#### STORED DATA ####

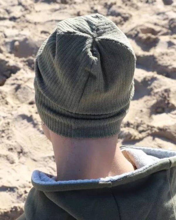 De beanie is vervaardigd van 100% dubbel geribd katoen.
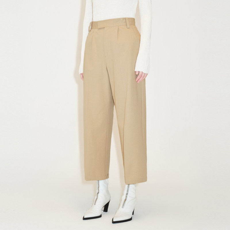 LESS时尚裤子女简约宽松休闲高腰七分直筒裤2M0E12550
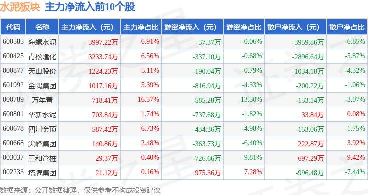 从资金流向上来看,当日水泥板块主力资金净流入2712.59万元,游资资金净流出6954.45万元,散户资金净流入4241.85万元。水泥板块个股资金流向见下表:
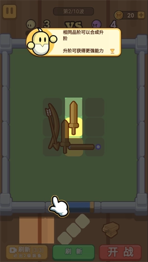2、将两个相同的武器士兵拖动到一起可以进行升级
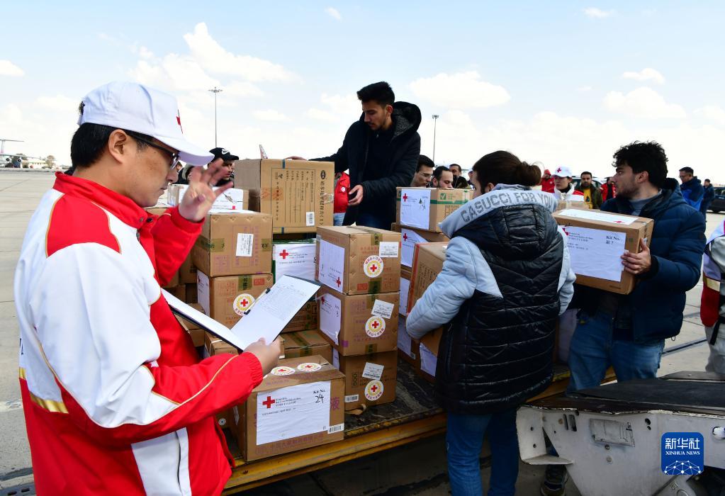 2月13日,工作人員在敘利亞大馬士革國際機場(chǎng)卸載中國紅十字會(huì )援助的人道主義物資。
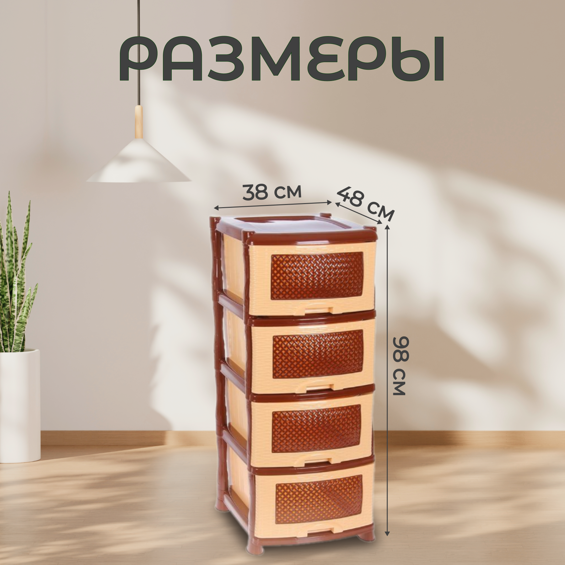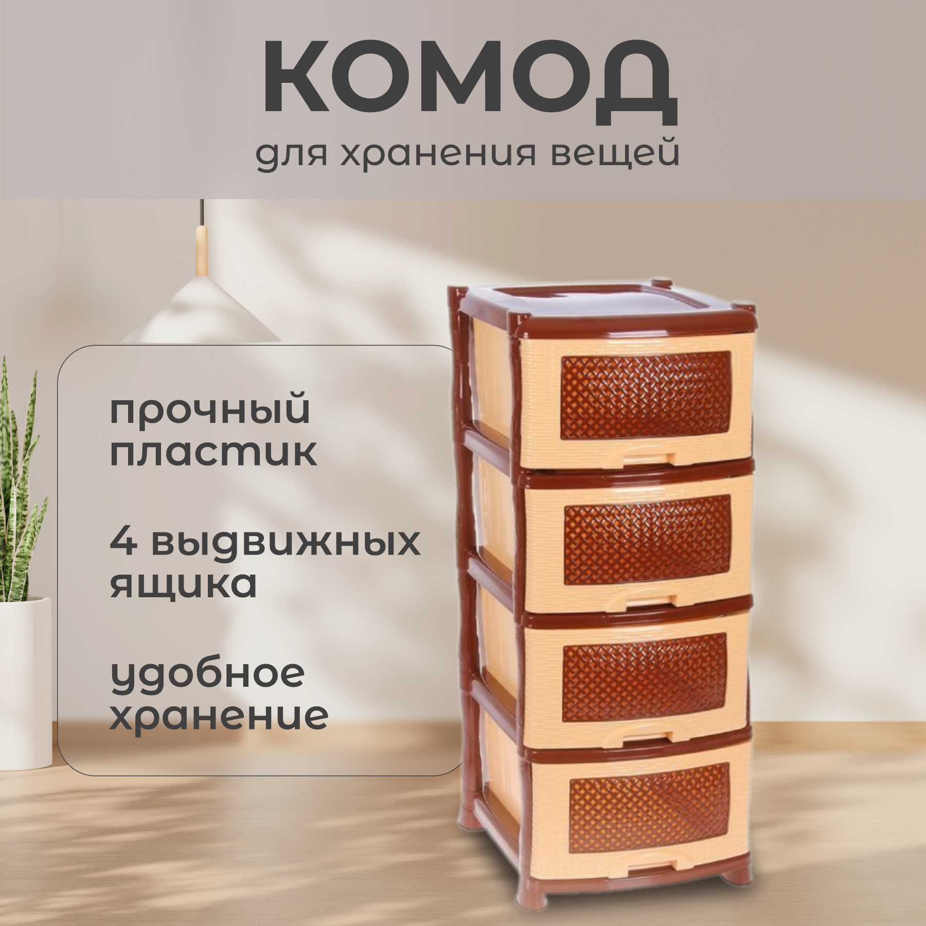 Комод пластиковый Плетёнка с 4 ящиками / универсальный стеллаж для хранения вещей / органайзер для аксессуаров, цвет коричневый
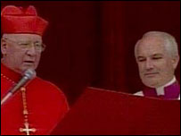 Joseph Ratzinger é anunciado como novo papa pelo cardeal chileno Jorge Arturo Medina Estivez para uma multidão na praça São Pedro, no Vaticano.
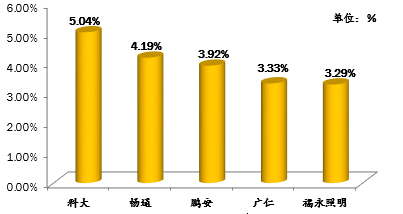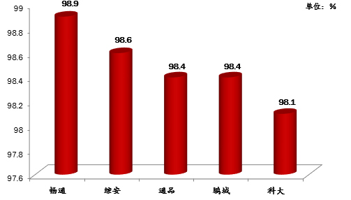 第四季度教练员点评占比最高的前5名驾校分别为:科大、畅通、鹏安、广仁、福永照明。
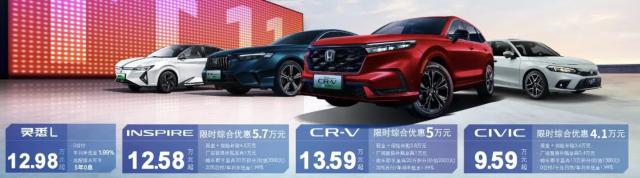 今天,东风本田正式出台了限时购车政策,即日起至 11 月 30 日,购买灵悉 L、英仕派、CR-V、思域车型可以享受限时优惠政策。在海报上,东风本田为所有车型标注了优惠后的起步价格,其中思域只需要 9.59 万元起,CR-V 则是 13.59 万元起。
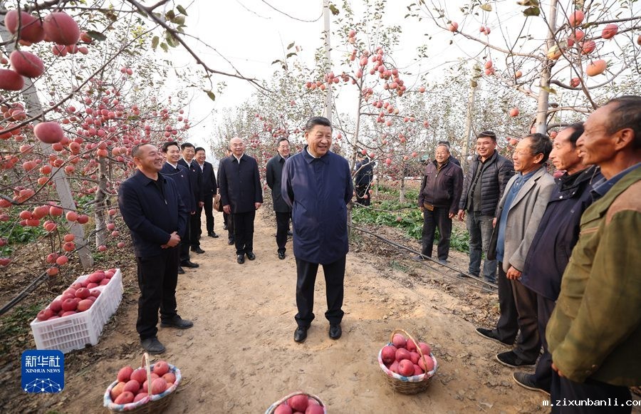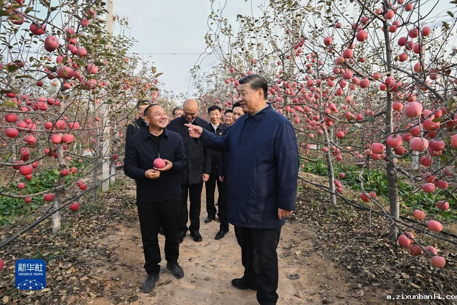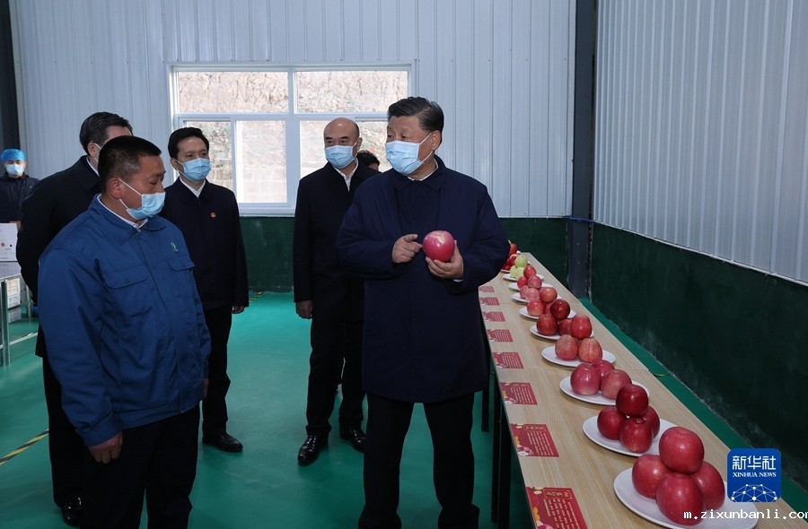 10月26日至28日,中共中央总书记、国家主席、中央军委主席习近平在陕西省延安市、河南省安阳市考察。这是26日下午,习近平在延安市安塞区高桥镇南沟村苹果洗选车间,察看当地种植的苹果。 新华社记者 鞠鹏 摄
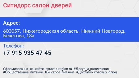 Ситидорс, салон дверей по адресу 603057, Нижегородская область, Нижний Новгород, Бекетова, 13а в дальнейшем Организация, размещена в следующих категориях:
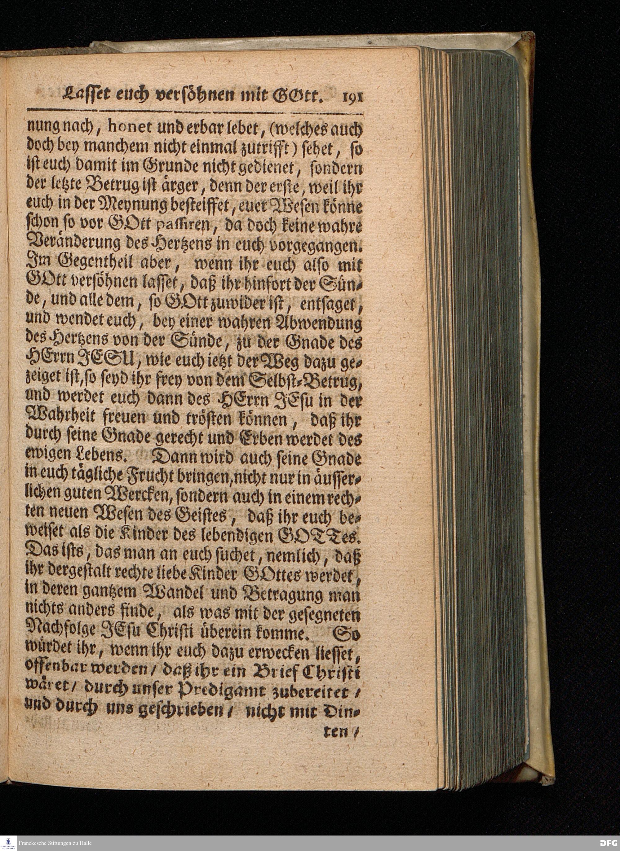 August Hermann Franckens / S.Theol.Prof.& Past. zu S.Ulrich, und des Gymnasii Scholarchæ, Kurtze Sonn= und Fest=Tags=Predigten / Darinnen Vornemlich zum wahren / lebendigen / Kraft=vollen und in guten Früchten sich beweisenden Glauben, die nöthige Aufweckung und Anweisung gegeben wird. Die andere EDITION, mit einer neuen Vorrede und einem Register versehen. HALLE, in Verlegung des Wäysen=Hause MDCCXVIII.
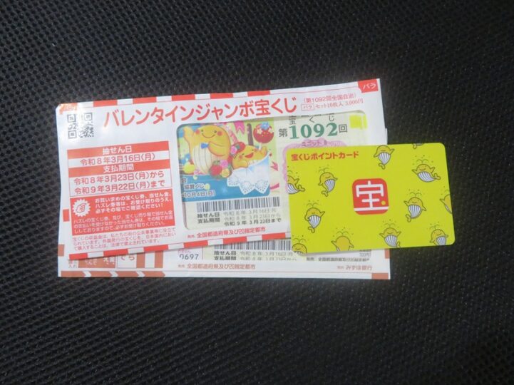 期限切れになるポイントは400ポイントほど、金額にすれば400円、全く持って勿体ない、時は4時40分、お店が閉まるのは5時、急ぎ出かけ「バレンタインジャンボ宝くじ」を購入、買っても当たらん・買わなきゃ当たらん宝くじ、今回は買うつもりはなかったがポイントを1200ポイント使い20枚購入、支払い金額4800円、ぺい〇〇で支払いポイント48ポイント、宝くじポイント48ポイントはゲットした夢爺さんのお話しでした。

####

WORK REQUEST —
In the answer, include exactly the lines from the top of the entries through the line containing "August Hermann Franckens", and nothing else, not even the pictures.

ANSWER TO THE EXERCISE —
 De beanie is vervaardigd van 100% dubbel geribd katoen.
 LESS时尚裤子女简约宽松休闲高腰七分直筒裤2M0E12550
 从资金流向上来看,当日水泥板块主力资金净流入2712.59万元,游资资金净流出6954.45万元,散户资金净流入4241.85万元。水泥板块个股资金流向见下表:
2、将两个相同的武器士兵拖动到一起可以进行升级
 2月13日,工作人員在敘利亞大馬士革國際機場(chǎng)卸載中國紅十字會(huì )援助的人道主義物資。
 Комод пластиковый Плетёнка с 4 ящиками / универсальный стеллаж для хранения вещей / органайзер для аксессуаров, цвет коричневый
 Joseph Ratzinger é anunciado como novo papa pelo cardeal chileno Jorge Arturo Medina Estivez para uma multidão na praça São Pedro, no Vaticano.
 第四季度教练员点评占比最高的前5名驾校分别为:科大、畅通、鹏安、广仁、福永照明。
 今天,东风本田正式出台了限时购车政策,即日起至 11 月 30 日,购买灵悉 L、英仕派、CR-V、思域车型可以享受限时优惠政策。在海报上,东风本田为所有车型标注了优惠后的起步价格,其中思域只需要 9.59 万元起,CR-V 则是 13.59 万元起。
 10月26日至28日,中共中央总书记、国家主席、中央军委主席习近平在陕西省延安市、河南省安阳市考察。这是26日下午,习近平在延安市安塞区高桥镇南沟村苹果洗选车间,察看当地种植的苹果。 新华社记者 鞠鹏 摄
 Ситидорс, салон дверей по адресу 603057, Нижегородская область, Нижний Новгород, Бекетова, 13а в дальнейшем Организация, размещена в следующих категориях:
 August Hermann Franckens / S.Theol.Prof.& Past. zu S.Ulrich, und des Gymnasii Scholarchæ, Kurtze Sonn= und Fest=Tags=Predigten / Darinnen Vornemlich zum wahren / lebendigen / Kraft=vollen und in guten Früchten sich beweisenden Glauben, die nöthige Aufweckung und Anweisung gegeben wird. Die andere EDITION, mit einer neuen Vorrede und einem Register versehen. HALLE, in Verlegung des Wäysen=Hause MDCCXVIII.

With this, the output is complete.